Market Faces Continued Losses
The stock market remained under pressure as futures tied to major indices showed minimal movement following another day of losses. On Monday evening, S&P 500 futures hovered near the flatline after the index recorded its third consecutive losing session. Similarly, Nasdaq-100 futures edged up by only 0.1%, while Dow Jones Industrial Average futures saw a slight increase of 57 points, also reflecting a 0.1% gain.
During the regular trading session on Monday, declines in key technology Shares weighed down the broader market, with both the S&P 500 and Nasdaq Composite closing in negative territory. The continued downward trend follows last week’s broader sell-off, which has left investors wary of further declines.
Tech Sector Pulls Markets Lower
The downturn in technology shares played a crucial role in dragging the market lower.
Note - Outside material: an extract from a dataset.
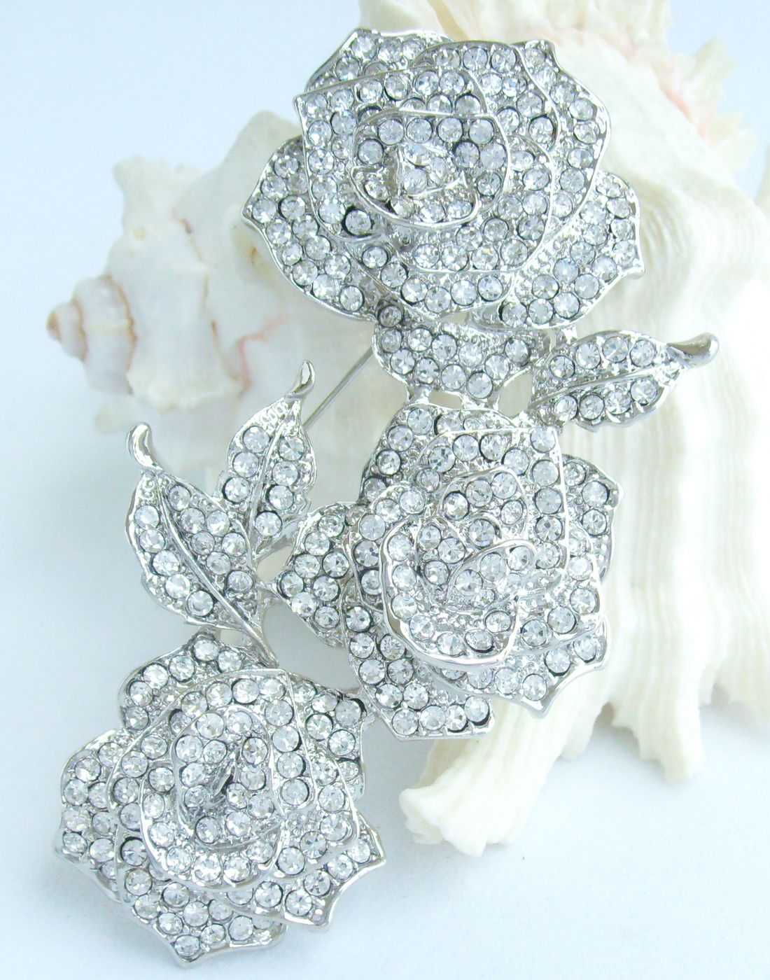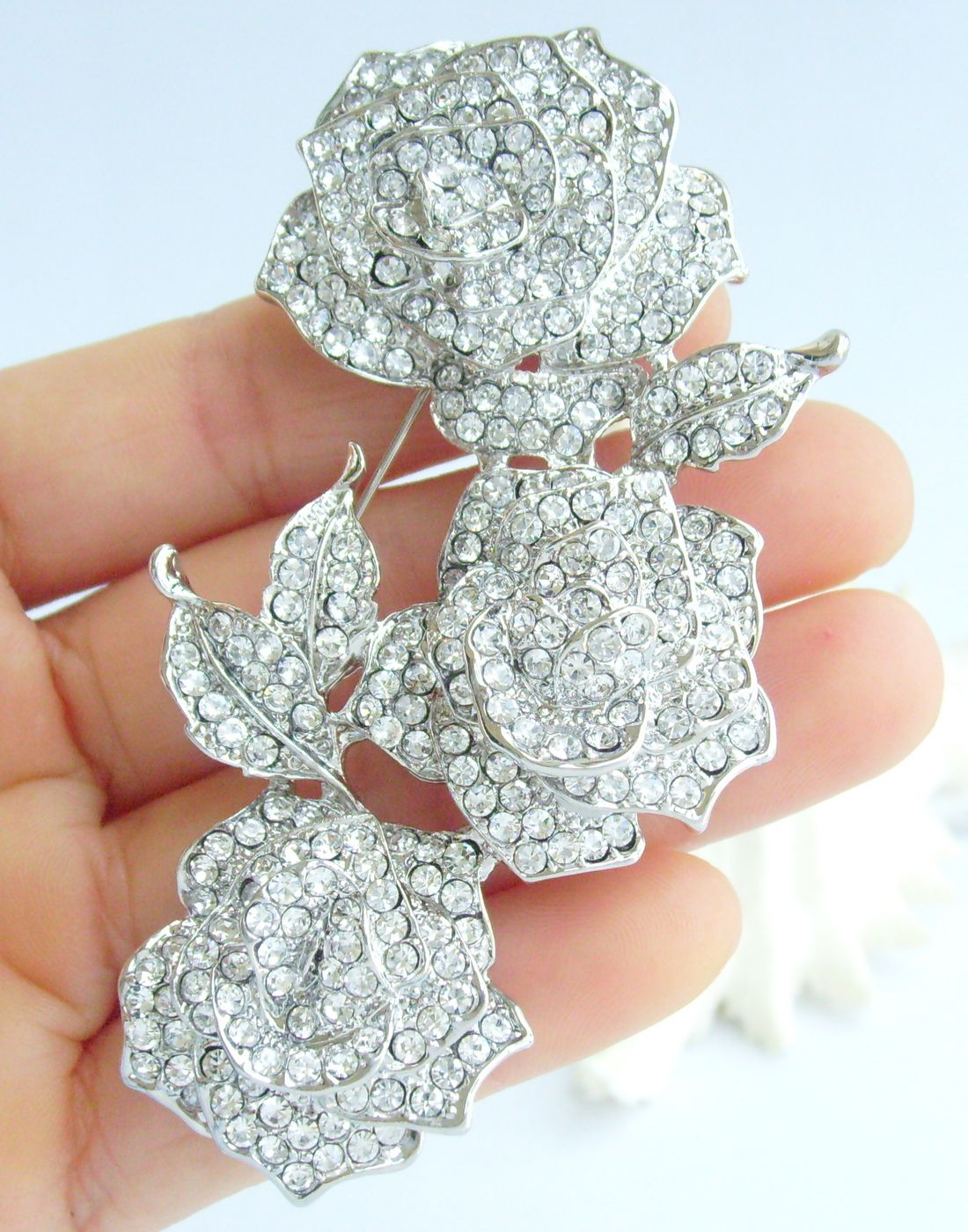Sindary Rhinestone Crystal Rose Flower Brooch Pin Pendant BP03612 (Silver-Tone Clear) 40g

Defense and artificial intelligence company Palantir saw a sharp drop of over 10%, extending its losses from last week. Meanwhile, Microsoft shares declined by 1% following a TD Cowen report that indicated the company is reducing its spending on data centers. Another tech giant, Nvidia, also experienced a 3% dip in its stock price, with investors anticipating its quarterly earnings report, set to be released on Wednesday after the closing bell.
The recent weakness in the tech sector has also pushed the Nasdaq Composite into negative territory for the year. However, some market analysts remain optimistic about the long-term potential of artificial intelligence stocks. Doug Clinton, a managing partner at Deepwater Asset Management, shared his perspective on a news website’s “Closing Bell,” suggesting that skepticism around the AI sector may be premature. He emphasized that the AI-driven market boom is likely to continue for another two to four years.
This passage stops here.